Fargo (1996) – Film Review


Starring Frances McDormand, William H. Macy, Steve Buscemi, Peter Stormare and Harve Presnell

Directed by Joel Coen

IMDB Rating: 8.2

Review written by Rachel Geiger

This classic movie is dark, violent, and also filled with some unique humor. This film still stands out to me as being one of the top films because of how unique the story is. With this work, the prestigious Coen brothers have made easily one of the best movies in their impressive catalog. It’s just one of those movies that you have to watch at least once.

A car salesmen (William Macy) is desperate for money so he can do a major business deal. He then decides to hire a couple of criminals (Buscemi and Stormare) to kidnap his wife so her rich father (Presnell) will easily pay the bail and he will get some money out of it. The kidnapping doesn’t go according to plan once they are out on the road and a couple of people wind up dead. This leads to a big investigation from the pregnant police chef Marge Gunderson (McDormand) who becomes dedicated to the case.

The story of Fargo comes from the brilliantly twisted minds of Joel and Ethan Coen. This brother team is known for their dark humor and all together classic films that are much respected. The plot can be difficult to explain without revealing too much about the film. However, this is still a great movie that is never boring to watch. The subplots within the film can be a little difficult to follow but for the most part, it’s easy to catch everything once you learn more about the different characters and what their individual purpose is. Each character is brilliantly developed and well captured on screen. It’s really violent and can be hard to watch with all the gruesome stuff going on. But if you’re a fan of these directors, you probably realize that anything is possible, even violence to this degree.

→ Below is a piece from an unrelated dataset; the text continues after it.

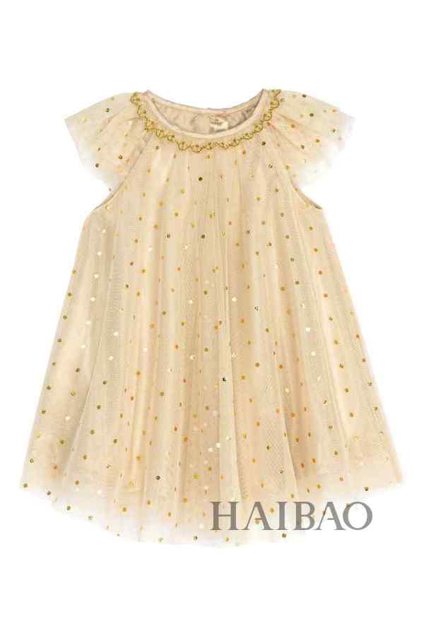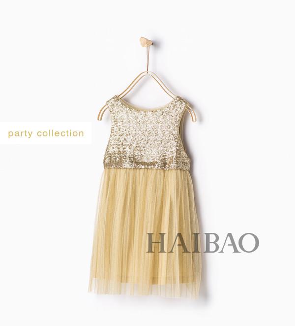 金色礼服裙不仅能制造Bling Bling的效果,更能和白色的婚纱颜色搭配得相得益彰。身着金色花童裙的小宝贝就像闪闪发光的小天使,为婚礼制造出闪亮温馨的氛围。

The acting is definitely what brings the story to life. There isn’t a bad acting performance in the movie. Although the Minnesota accents seem a little exaggerated at times, it seems as if it’s just enhancing the character and giving them more personality so it works. Frances McDormand is absolutely perfect as the determined police chief. She won an Oscar for her performance and it’s not hard to see why. She sticks to her accent and enthusiasm for her job and life in general throughout the whole movie. William Macy does a fantastic job with his role of Jerry, who is somehow sympathetic despite his pretty awful actions which you have to give Macy credit for. The two criminals bring the drama and are also really well acted by Buscemi and Stormare. Buscemi is the annoying criminal who never stops talking (which is ironic if you’ve ever seen another Coen brothers movie he starred in, The Big Lebowski) and the silent but deadly partner of his.

As I’ve already rambled on about, the Coen brothers are great directors who are well respected in the film industry. They have conducted a really timeless classic and the beautiful sights of Minnesota definitely contribute to that. In these films of there’s, everything is so well thought out and little details most directors wouldn’t view as significant are viewed as such to them. As listed above, Joel directed this by himself but his brother Ethan produced and the two both wrote the movie together so I think it’s safe to say they were both very much actively involved in this film.

This is a complicated yet iconic film that is still wonderful after multiple viewings. You can’t help but appreciate how every little element works together so effortlessly to make this such a quality movie. The characters, even the minor ones, are well developed and thoughtful which isn’t really that common in most films but this one is a memorable masterpiece that is noted as one of the best movies of all time.